- [Work item]:
Leave out the images and transcribe the entries below word for word.

- [Extracted entries]:
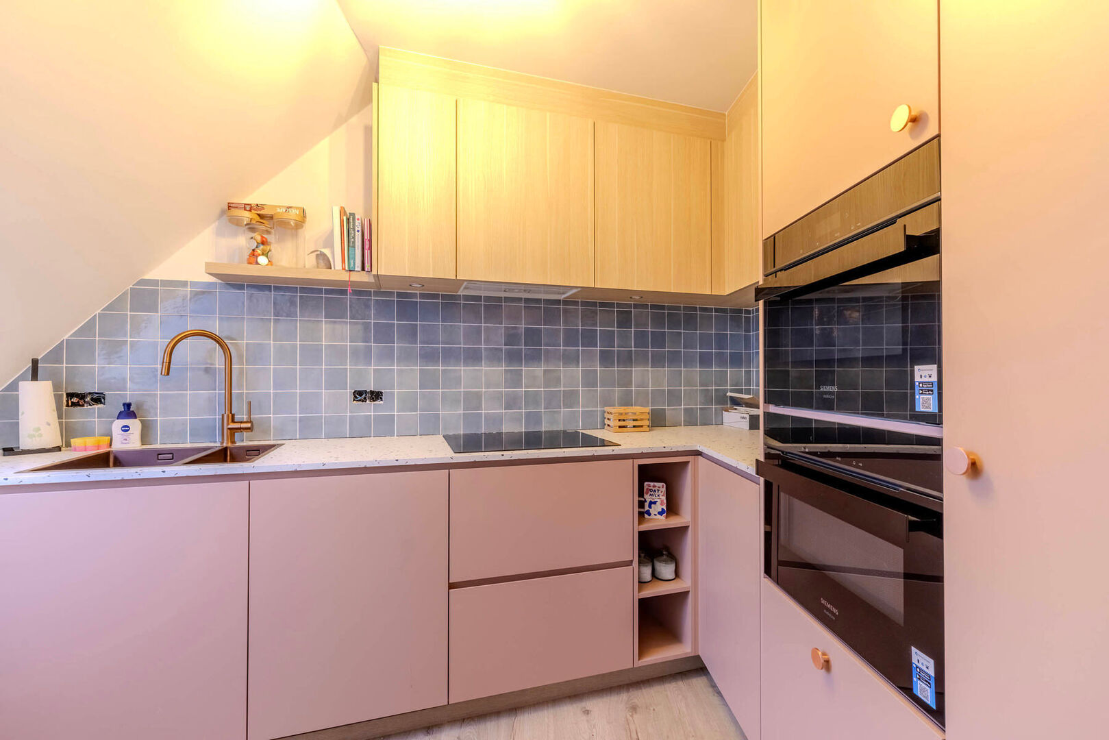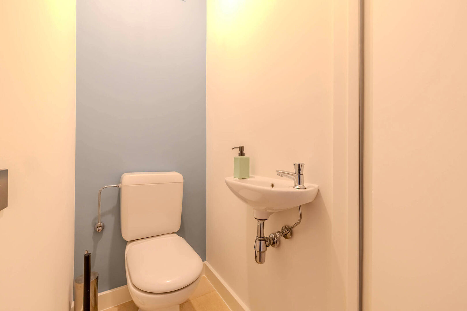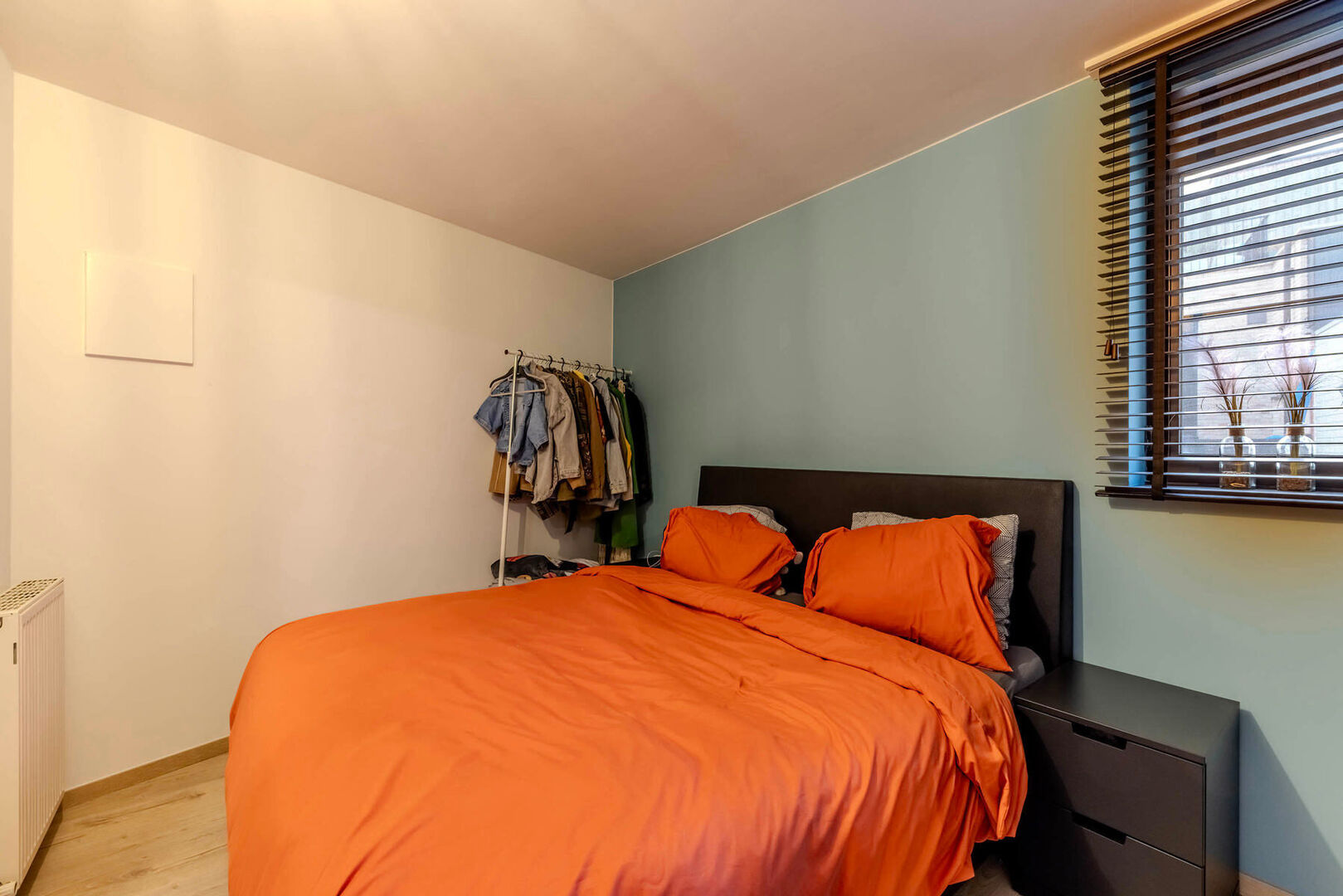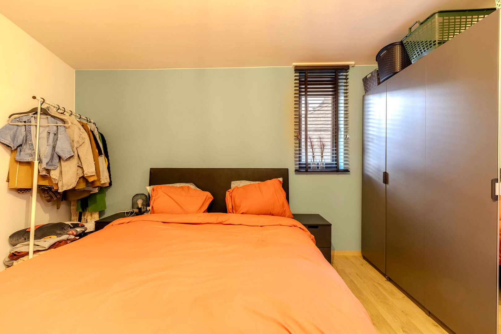 Indeling: inkomhal; apart toilet; toegang tot een privatief en achterliggend terras; gezellige leefruimte met hoge plafonds; ruimte bovenaan is momenteel ingericht als leeshoek + extra bergruimte; volledig vernieuwde en geïnstalleerde keuken (2024); masterbedroom; ensuite badkamer met lavabo, douche in bad en aansluiting voor WM en DK.
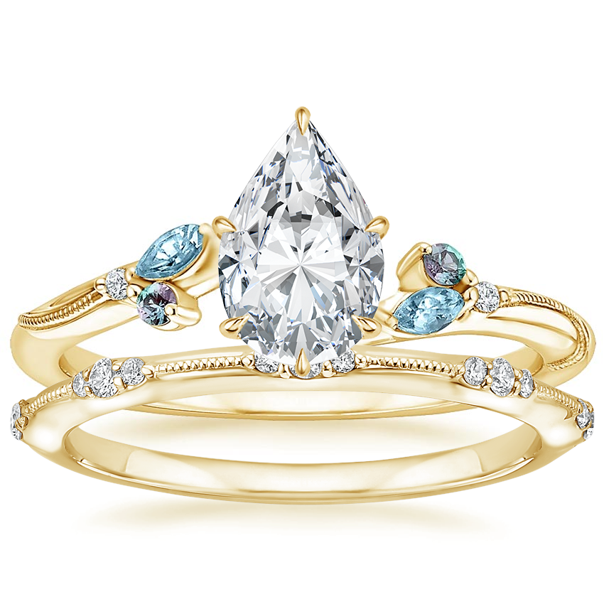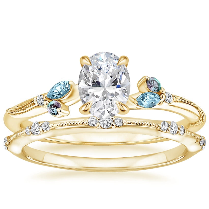 18K Yellow Gold Camellia Indigo Milgrain Ring with Alena Diamond Ring
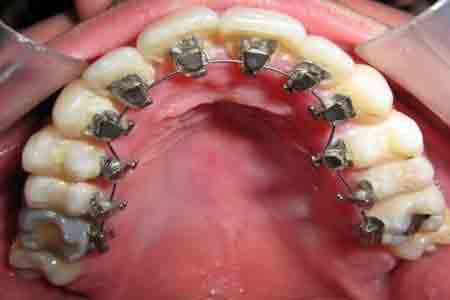 5. يقوم طبيب الأسنان بتثبيت التقويم بعد تنظيف وتجفيف الفم.
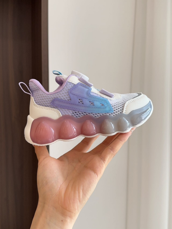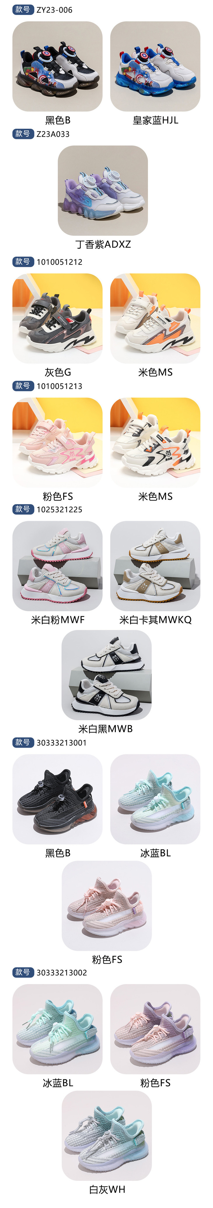 货号:30333213002 颜色:粉色FS、冰蓝BL、白灰WH 尺码:27-37 材质:鞋面 飞织;鞋底 PVC 三款颜色都是比较明亮的色彩,超级清爽活力,春天穿超级合适超级好看 鞋底是那种又轻又软的PVC材质,穿着回弹性超级好,不会累脚 鞋底还搭配有防滑纹,穿着外出玩耍跑跳更安全,适应多种路面,走路更稳
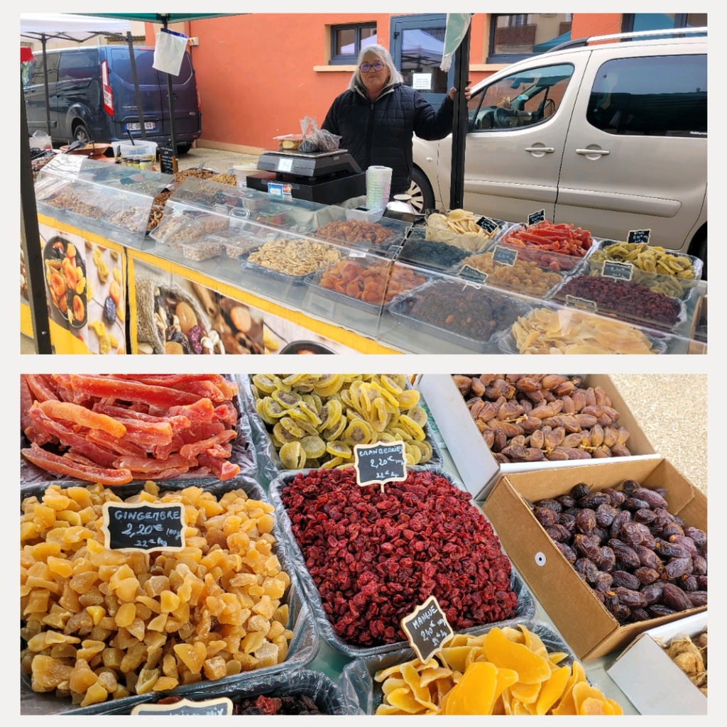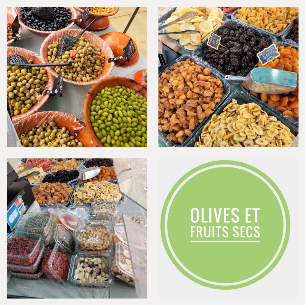 Stand d'OLIVES, fruits secs et déshydratés.
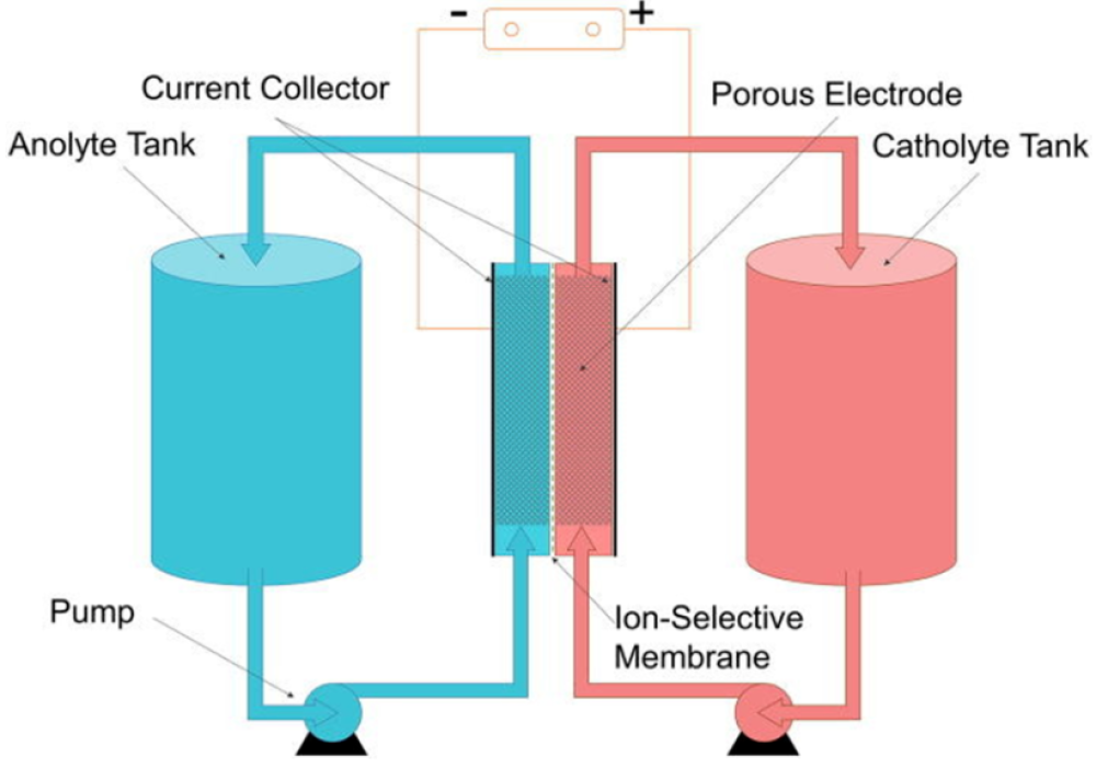 液流電池是正負(fù)極電解液分開,各自循環(huán)的一種高性能蓄電池,具有容量高、使用領(lǐng)域(環(huán)境)廣、循環(huán)使用壽命長的特點(diǎn)。根據(jù)電極活性物質(zhì)的不同可分為鐵鉻、全釩、鋅溴等,鐵鉻和全釩兩種為目前主流商用方向。
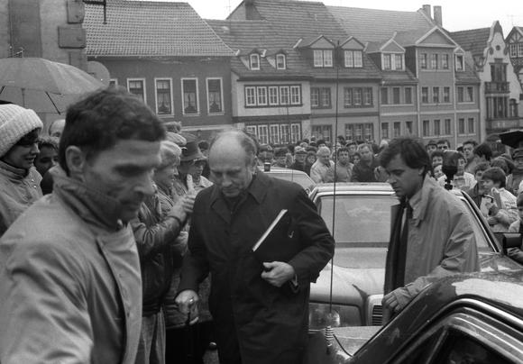 Dr. Otto Count Lambsdorff, then Federal Chairman of the FDP party at a pre-election event on Hauptmarkt in Gotha
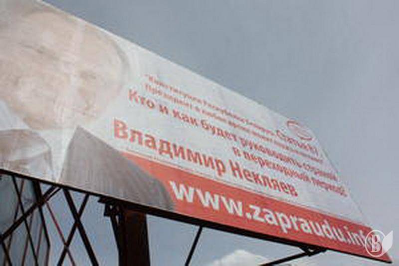 Белорусская кампания"Говори правду"не стала изобретать велосипед и воспользовалась идеей штаба экс-кандидата в президенты Беларуси Александра Милинкевича, разместив плакаты своего лидера Владимира Некляева на территории смежного государства.

- [Exercise solution]:
 Indeling: inkomhal; apart toilet; toegang tot een privatief en achterliggend terras; gezellige leefruimte met hoge plafonds; ruimte bovenaan is momenteel ingericht als leeshoek + extra bergruimte; volledig vernieuwde en geïnstalleerde keuken (2024); masterbedroom; ensuite badkamer met lavabo, douche in bad en aansluiting voor WM en DK.
 18K Yellow Gold Camellia Indigo Milgrain Ring with Alena Diamond Ring
 5. يقوم طبيب الأسنان بتثبيت التقويم بعد تنظيف وتجفيف الفم.
 货号:30333213002 颜色:粉色FS、冰蓝BL、白灰WH 尺码:27-37 材质:鞋面 飞织;鞋底 PVC 三款颜色都是比较明亮的色彩,超级清爽活力,春天穿超级合适超级好看 鞋底是那种又轻又软的PVC材质,穿着回弹性超级好,不会累脚 鞋底还搭配有防滑纹,穿着外出玩耍跑跳更安全,适应多种路面,走路更稳
 Stand d'OLIVES, fruits secs et déshydratés.
 液流電池是正負(fù)極電解液分開,各自循環(huán)的一種高性能蓄電池,具有容量高、使用領(lǐng)域(環(huán)境)廣、循環(huán)使用壽命長的特點(diǎn)。根據(jù)電極活性物質(zhì)的不同可分為鐵鉻、全釩、鋅溴等,鐵鉻和全釩兩種為目前主流商用方向。
 Dr. Otto Count Lambsdorff, then Federal Chairman of the FDP party at a pre-election event on Hauptmarkt in Gotha
 Белорусская кампания"Говори правду"не стала изобретать велосипед и воспользовалась идеей штаба экс-кандидата в президенты Беларуси Александра Милинкевича, разместив плакаты своего лидера Владимира Некляева на территории смежного государства.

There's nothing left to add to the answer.